Singh J, Dobrusin E M, Fry D W, Haske T, Whitty A, McNamara D J
Parke-Davis Pharmaceutical Research, Division of Warner-Lambert Company, Ann Arbor, Michigan 48106-1047, USA. juswinder_singh@biogen. com
J Med Chem. 1997 Mar 28;40(7):1130-5. doi: 10.1021/jm960380s.
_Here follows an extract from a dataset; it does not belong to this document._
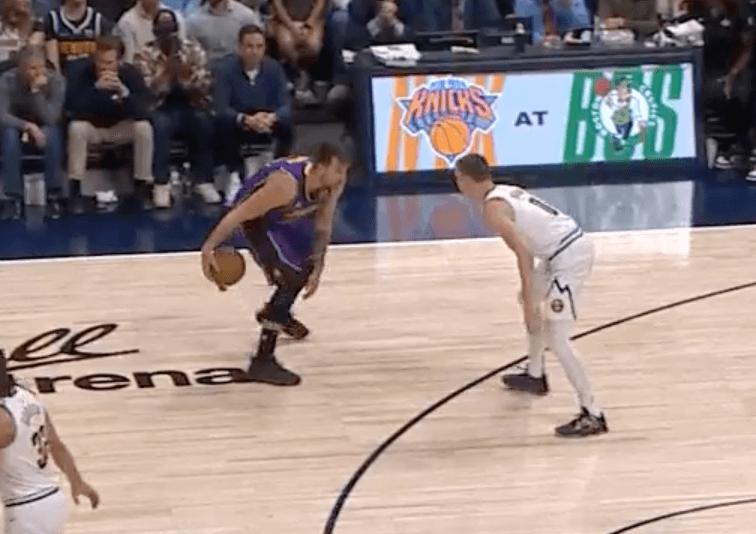 That threat sets the stage for the choreography that defines Doncic’s signature move. Just ask Christian Braun, who found out the hard way on Saturday night. Near the end of the first half, Doncic had the ball in his happy place, deep along the left wing. He crouched into form, head up, pounding the rock into the Ball Arena decal and reading Braun’s balance like a prizefighter. All it took was a little right-footed jab step to get Braun to open up his stance; as soon as Doncic saw that, it was over.

We report the use of structure-based drug design to create a selective erbB-1 (a.k.a. epidermal growth factor receptor) and erbB-2 (a.k.a. neu/her2 growth factor receptor) tyrosine kinase inhibitor. Using the X-ray crystal structure of the ternary complex of the cAMP-dependent Ser/Thr kinase together with a sequence alignment of the catalytic domains of a representative set of Ser/Thr and Tyr protein kinases, we have examined the nucleotide binding site for potential positions to attach an irreversible inhibitor. This information, combined with homology modeling of the erbB-1 and erbB-2 tyrosine kinase catalytic domains, has led to the identification of Cys797 of erbB1 and Cys805 of erbB2, which are structurally equivalent to Glu127 in the cAMP dependant Ser/Thr kinase as potential target residues. The X-ray structure of the cAMP Ser/Thr kinase shows Glu127 to be involved in a hydrogen-bonding interaction with the 2'-OH of the ribose portion of ATP. Using molecular modeling, it was predicted that the Cys side chains in erbB-1 and erbB-2 performed an analogous role, and it was postulated that the replacement of the 2'-OH of adenosine with a thiol might allow for a covalent bond to form. Since only erbB-1 and erbB-2 have a Cys at this position, the inhibitor should be selective. This model was subsequently tested experimentally by chemical synthesis of 2'-thioadenosine and assayed against the full length erbB-1 receptor and the catalytic domains of erbB-2, insulin receptor, beta-PDGF receptor, and the FGF receptor. Our results show that thioadenosine covalently inactivates erbB-1 with a second-order rate constant of k(max)/K(S) = 2000 +/- 500 M(-1) s(-1). Inactivation is fully reversed by 1 mM dithiothreitol, suggesting that inactivation involves the modification of a cysteine residue at the active site, presumably Cys797. The rate of inactivation saturates with increasing thioadenosine concentrations, suggesting that inactivation occurs through initial formation of a noncovalent complex with K(D) = 1.0 +/- 0.3 microM, followed by the slow formation of a disulfide bond with a rate constant of k(max) = (2.3 +/- 0.2) x 10(-3) s(-1). This approach may have application in the design of selective irreversible inhibitors against other members of the kinase family.
我们报告了基于结构的药物设计方法,用于创建一种选择性的erbB-1(又称表皮生长因子受体)和erbB-2(又称neu/her2生长因子受体)酪氨酸激酶抑制剂。利用环磷酸腺苷(cAMP)依赖性丝氨酸/苏氨酸激酶的三元复合物的X射线晶体结构,以及一组代表性的丝氨酸/苏氨酸和酪氨酸蛋白激酶催化结构域的序列比对,我们研究了核苷酸结合位点中可能连接不可逆抑制剂的位置。这些信息,结合erbB-1和erbB-2酪氨酸激酶催化结构域的同源建模,已确定erbB1的Cys797和erbB2的Cys805,它们在结构上等同于cAMP依赖性丝氨酸/苏氨酸激酶中的Glu127,作为潜在的靶标残基。cAMP丝氨酸/苏氨酸激酶的X射线结构显示,Glu127参与与ATP核糖部分2'-OH的氢键相互作用。通过分子建模预测,erbB-1和erbB-2中的半胱氨酸侧链发挥类似作用,并推测用硫醇取代腺苷的2'-OH可能允许形成共价键。由于只有erbB-1和erbB-2在该位置有一个半胱氨酸,该抑制剂应该具有选择性。随后通过化学合成2'-硫代腺苷并针对全长erbB-1受体以及erbB-2、胰岛素受体、β-血小板衍生生长因子受体和FGF受体的催化结构域进行检测,对该模型进行了实验验证。我们的结果表明,硫代腺苷以二级速率常数k(max)/K(S)=2000±500 M⁻¹ s⁻¹共价使erbB-1失活。1 mM二硫苏糖醇可完全逆转失活,这表明失活涉及活性位点处半胱氨酸残基的修饰,推测为Cys797。失活速率随着硫代腺苷浓度的增加而饱和,这表明失活是通过首先形成K(D)=1.0±0.3 μM的非共价复合物,然后以k(max)=(2.3±0.2)×10⁻³ s⁻¹的速率常数缓慢形成二硫键而发生的。这种方法可能在设计针对激酶家族其他成员的选择性不可逆抑制剂方面具有应用价值。